Michael Braithwaite, who arrived from Barbados as a child in 1961, lost his job as a special needs teaching assistant for not having an up-to-date identity document two years ago.
The 68-year-old married father-of-three, who has six grandchildren and lives in north London, said the ordeal of “being told I was nobody” still causes him great mental anguish.
Mr Braithwaite also dismissed the Government’s “token” attempts and “lame excuses” to remedy the scandal and criticised the compensation scheme for victims of the affair.
Monday marks 72 years since the Empire Windrush arrived at Tilbury Docks on June 22 1948 carrying some 500 people from Jamaica.
The official human rights watchdog is launching legal action to review the Home Office’s “hostile environment” policy which led to the Windrush scandal.
It resulted in thousands of Commonwealth immigrants – who came to Britain in the decades following the Second World War – being wrongly denied rights, losing their jobs and in some cases being deported to places they barely knew.
Mr Braithwaite told the PA news agency: “I think about the sense of injustice and humiliation, the don’t-care-attitude about people who came here to build this country.
“I look at it and think we’ve not moved on… families are still struggling.
“We’re still not recognised for what we’ve done and we’re still in debt and we still have bills to pay.
“They’re not recognising it as something that is powerful, has made this country what it is. The tokens they give us are not an apology just a ‘sorry’.
“For me, saying sorry is a lame excuse. Windrush day is just another lure to make us feel good for the time.
“To take my freedom away the way they did … it makes me very emotional when I think about that day when I was told I was nobody.

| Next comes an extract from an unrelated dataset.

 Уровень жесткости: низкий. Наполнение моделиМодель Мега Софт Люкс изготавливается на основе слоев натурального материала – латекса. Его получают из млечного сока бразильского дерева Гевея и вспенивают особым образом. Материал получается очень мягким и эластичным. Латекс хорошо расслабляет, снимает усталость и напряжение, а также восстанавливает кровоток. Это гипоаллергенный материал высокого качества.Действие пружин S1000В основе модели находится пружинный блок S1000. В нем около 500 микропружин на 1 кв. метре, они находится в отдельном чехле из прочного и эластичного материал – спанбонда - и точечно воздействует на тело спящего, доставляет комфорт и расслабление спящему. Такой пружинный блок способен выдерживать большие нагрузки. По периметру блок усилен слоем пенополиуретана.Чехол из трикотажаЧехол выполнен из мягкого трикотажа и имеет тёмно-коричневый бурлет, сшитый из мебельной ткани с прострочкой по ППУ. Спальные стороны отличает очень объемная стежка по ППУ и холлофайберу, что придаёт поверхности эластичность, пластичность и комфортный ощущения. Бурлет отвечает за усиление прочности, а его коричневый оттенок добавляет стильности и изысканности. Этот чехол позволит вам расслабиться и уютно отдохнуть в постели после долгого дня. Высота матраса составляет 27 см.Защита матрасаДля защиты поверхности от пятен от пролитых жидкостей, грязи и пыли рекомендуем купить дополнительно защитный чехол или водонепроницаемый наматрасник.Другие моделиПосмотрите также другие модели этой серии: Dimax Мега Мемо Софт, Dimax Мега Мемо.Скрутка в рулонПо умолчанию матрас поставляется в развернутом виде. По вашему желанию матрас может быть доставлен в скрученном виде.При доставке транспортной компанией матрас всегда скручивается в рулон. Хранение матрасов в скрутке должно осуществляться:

“I was not recognised as part of where I live, the work I’ve done, my journey was taken away.”
Campaigners including Mr Braithwaite handed in a petition to Downing Street last week signed by more than 130,000 people calling for action to address failings which led to the scandal.

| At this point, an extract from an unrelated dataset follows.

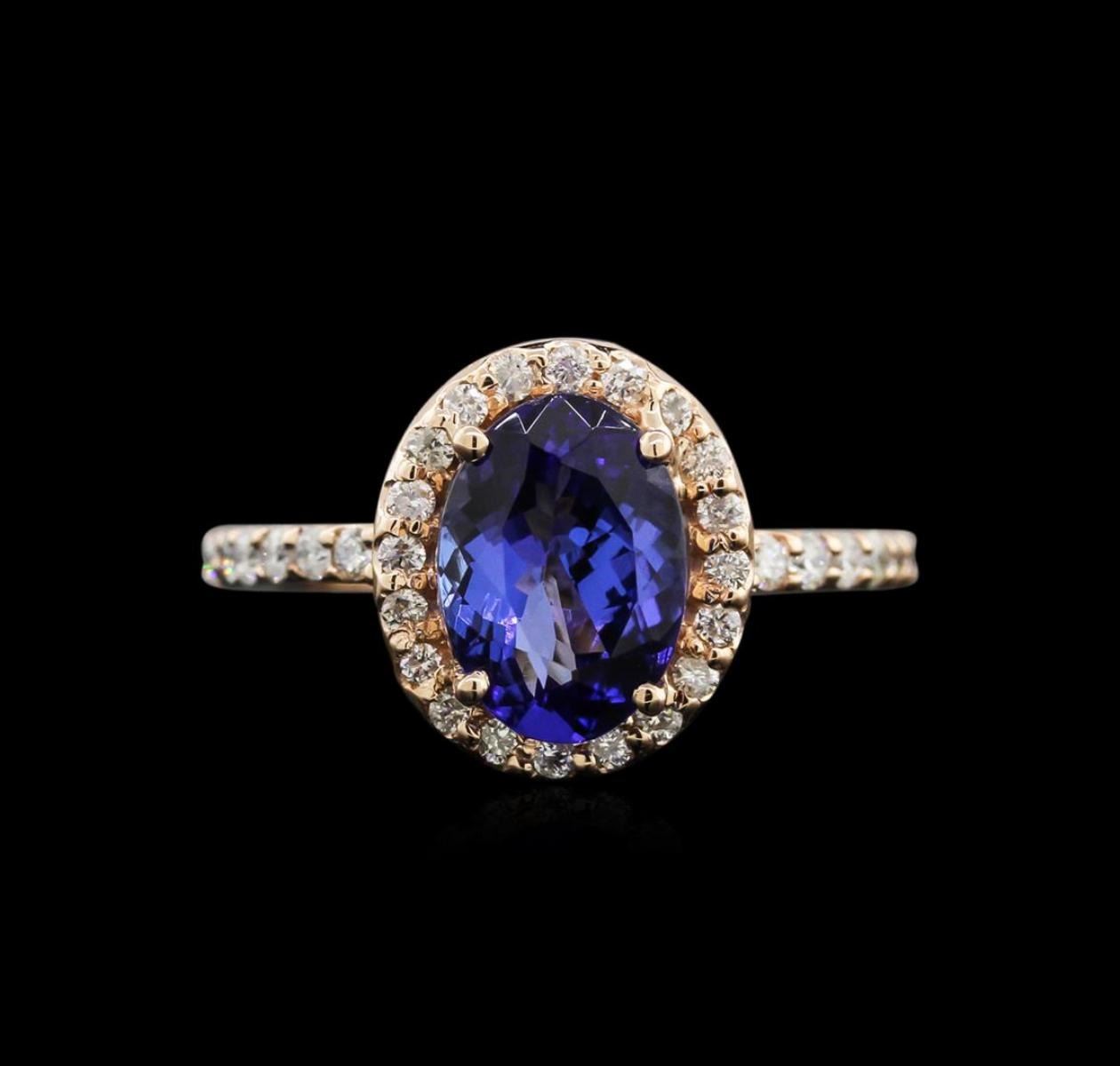 One electronically tested 14KT rose gold lady's cast fashion ring with a basket setting with a bright polish finish. The featured lady's ring has a halo motif with a shank measuring 1.72 millimeters in width. Identified with markings of "K14". Condition is new, good workmanship. Containing: One prong set oval modified brilliant cut natural tanzanite, measuring 10.01 x 7.10 x 4.33mm, approximate weight of 2.07ct., clarity is eye clean, type I, medium dark, very slightly grayish, violet color, (GIA V 6/3), cut is good. Transmitting light with no distortion, transparent. Colored gemstones are presumed to have been subjected to commonly used enhancement processes. Graded in the setting. Thirty-Two prong set round brilliant cut diamonds, measuring 1.50 - 1.45 x 0.96mm (depth est.) approximate total weight of 32 Stones = 0.43ct. Graded in the setting. Clarity: SI-2 to I-1. Color: H - I. Cut Good. Total Weight of Colored Stones 2.07ct. Total Weight of Diamonds 0.43ct. Total Weight of Ring 3.80gm. GAS Appraised.

Describing the attitudes of Home Office staff towards the plight of people who have lived and worked in Britain for decades, Mr Braithwaite said: “It’s ‘don’t look at the person, look at the figures and look at the numbers. Don’t read their history, we don’t want to know about them, if they haven’t got this, off you go’.

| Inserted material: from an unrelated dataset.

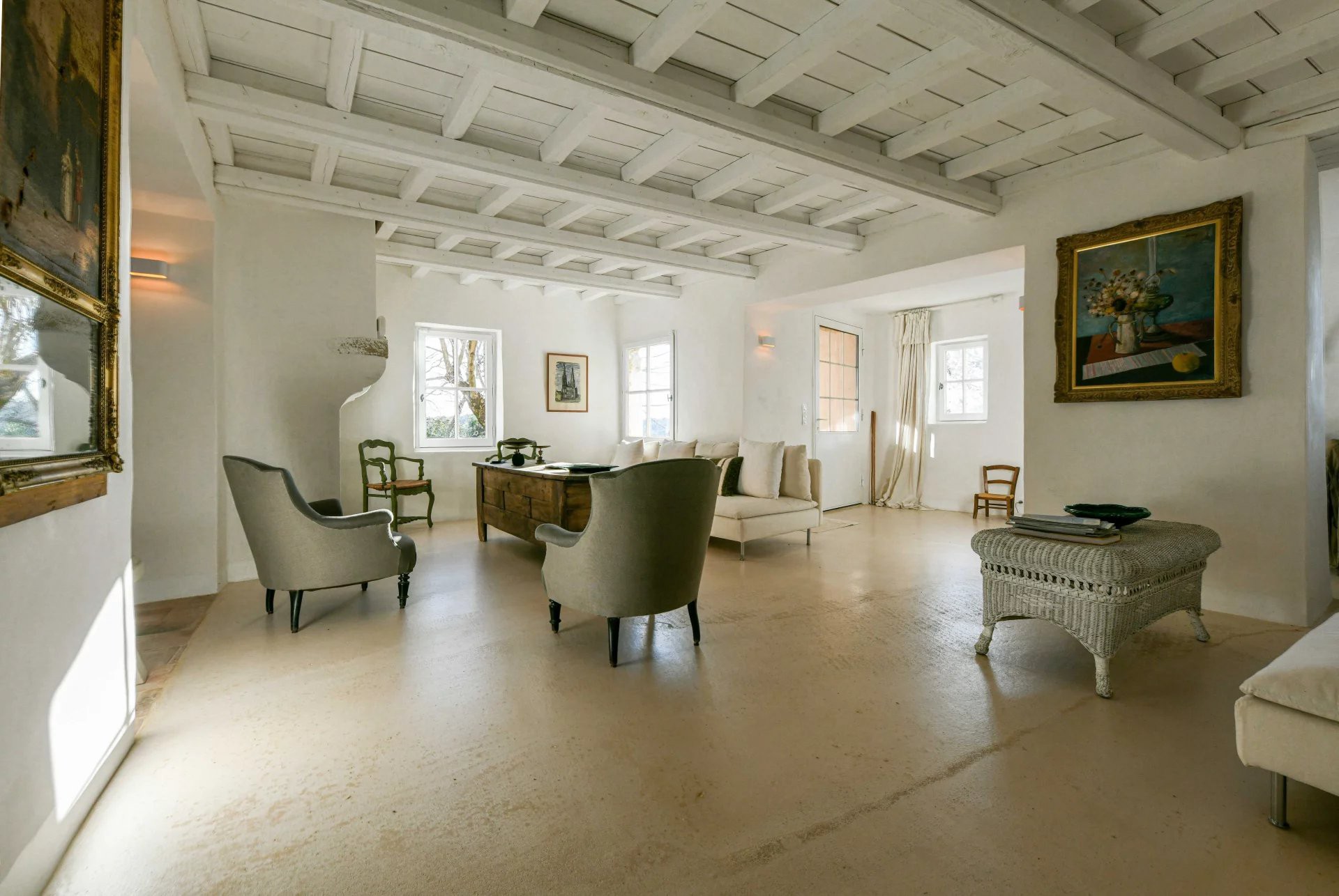 Die Ausstattung verbindet historische Bausubstanz mit zeitgemäßem Komfort: französische Holzbalkendecken, antike Terrakottaböden, zentrale Klimaanlage.

“This is not the British way as far as I am concerned.”
He also criticised the compensation scheme for victims of the scandal, describing an arduous process requiring lots of “silly little documentation” that has long since been lost.
He added: “I might be dead before I get any compensation that I’m due. But compensation is a crucial deal, people are still having to think about the rent, living off charities.”
Official figures published last month showed fewer than 5% of claims made have been paid out.
Mr Braithwaite, who has since obtained a biometric residence card, added: “We’re not fighting, we’re begging nowadays. We got angry, did things right, and it’s still a journey we have to keep going on with.
“My mental state is still not the same, I’m still trying to put myself back together.
“I’ll never be the same again. If I don’t have my routine I fall back into that mental state of mind where thing are not right with me or my head or my health.”
A report published in March found the Windrush scandal was “foreseeable and avoidable” with victims let down by “systemic operational failings” at the Home Office.
The department demonstrated “institutional ignorance and thoughtlessness” towards the issue of race and the history of the Windrush generation, the review found.
A Home Office spokesperson said:
We are determined to right the wrongs experienced by the Windrush generation. That is why we established the Windrush Compensation Scheme, which has been carefully designed with independent oversight so that it is as easy to use as possible.